We can also repeat the indices to create an object with more elements than the original one:

more_animals <- animals[c(1, 2, 3, 2, 1, 4)]
more_animals

#> [1] "mouse" "rat" "dog" "rat" "mouse" "cat"

R indices start at 1. Programming languages like Fortran, MATLAB, Julia, and R start counting at 1, because that’s what human beings typically do. Languages in the C family (including C++, Java, Perl, and Python) count from 0 because that’s simpler for computers to do.

Conditional subsetting

Another common way of subsetting is by using a logical vector. TRUE will select the element with the same index, while FALSE will not:

weight_g <- c(21, 34, 39, 54, 55)
weight_g[c(TRUE, FALSE, TRUE, TRUE, FALSE)]

#> [1] 21 39 54

Typically, these logical vectors are not typed by hand, but are the output of other functions or logical tests. For instance, if you wanted to select only the values above 50:

weight_g > 50    

# will return logicals with TRUE for the indices that meet the condition

#> [1] FALSE FALSE FALSE  TRUE  TRUE

# so we can use this to select only the values above 50
weight_g[weight_g > 50]

#> [1] 54 55

You can combine multiple tests using & (both conditions are true, AND) or | (at least one of the conditions is true, OR):

weight_g[weight_g < 30 | weight_g > 50]

#> [1] 21 54 55

How about if we try:

weight_g[weight_g >= 30 & weight_g == 21]

#> numeric(0)

Here, < stands for “less than”, > for “greater than”, >= for “greater than or equal to”, and == for “equal to”. The double equal sign == is a test for numerical equality between the left and right hand sides, and should not be confused with the single = sign, which performs variable assignment (similar to <-).
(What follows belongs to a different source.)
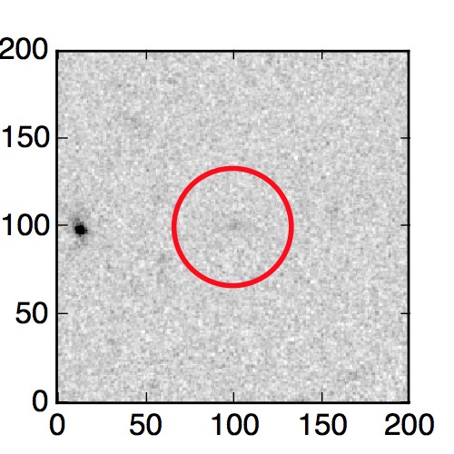 The red circle in the various panels is 1" in radius. The images are 6"x6".

Here is a useful summary of possible comparisons and operators:

## different comparisons:
# less than `<`
# greater than `>`
# less or equal `<=`
# greater or equal `>=`
# equal to `==`
# not equal to `!=`

## logical operators:
# and `&`
# or `|`
# not `!` 

A common task is to search for certain strings in a vector. One could use the “or” operator | to test for equality to multiple values, but this can quickly become tedious. The function %in% allows you to test if any of the elements of a search vector are found:

animals <- c("mouse", "rat", "dog", "cat")
animals[animals == "cat" | animals == "rat"] 
# returns both rat and cat

animals %in% c("rat", "cat", "dog", "duck", "goat")
#> [1] FALSE  TRUE  TRUE  TRUE

animals[animals %in% c("rat", "cat", "dog", "duck", "goat")]
#> [1] "rat" "dog" "cat"

Optional challenge: Can you figure out why "four" > "five" returns TRUE?

8. Missing data

As R was designed to analyze datasets, it includes the concept of missing data (which is uncommon in other programming languages). Missing data are represented in vectors as NA (Not Available).
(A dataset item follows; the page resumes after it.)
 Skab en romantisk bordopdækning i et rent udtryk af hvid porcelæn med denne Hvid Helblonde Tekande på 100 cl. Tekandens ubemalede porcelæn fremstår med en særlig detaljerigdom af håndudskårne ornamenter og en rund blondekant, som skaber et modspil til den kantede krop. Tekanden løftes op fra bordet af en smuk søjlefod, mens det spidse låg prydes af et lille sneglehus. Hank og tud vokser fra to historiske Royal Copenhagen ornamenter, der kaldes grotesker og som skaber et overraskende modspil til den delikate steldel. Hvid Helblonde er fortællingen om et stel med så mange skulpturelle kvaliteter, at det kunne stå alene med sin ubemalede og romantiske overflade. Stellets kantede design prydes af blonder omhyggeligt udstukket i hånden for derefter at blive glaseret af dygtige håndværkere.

When doing operations on numbers, most functions will return NA if the data you are working with include missing values. This feature makes it harder to overlook the cases where you are dealing with missing data. You can add the argument na.rm = TRUE to calculate the result while ignoring the missing values.

heights <- c(2, 4, 4, NA, 6)
mean(heights)
max(heights)

mean(heights, na.rm = TRUE)
max(heights, na.rm = TRUE)

If your data include missing values, you may want to become familiar with the functions is.na(), na.omit(), and complete.cases(). See below for examples.

# Extract those elements which are not missing values.
heights[!is.na(heights)]

# Returns the object with incomplete cases removed. The returned object is an atomic vector of type `"numeric"` (or `"double"`).
na.omit(heights)

# Extract those elements which are complete cases. The returned object is an atomic vector of type `"numeric"` (or `"double"`).
heights[complete.cases(heights)]

Recall that you can use the typeof() function to find the type of your atomic vector.

Challenge:

At this point, let’s complete Basic Features Exercise Block 3 (~ 10 mins).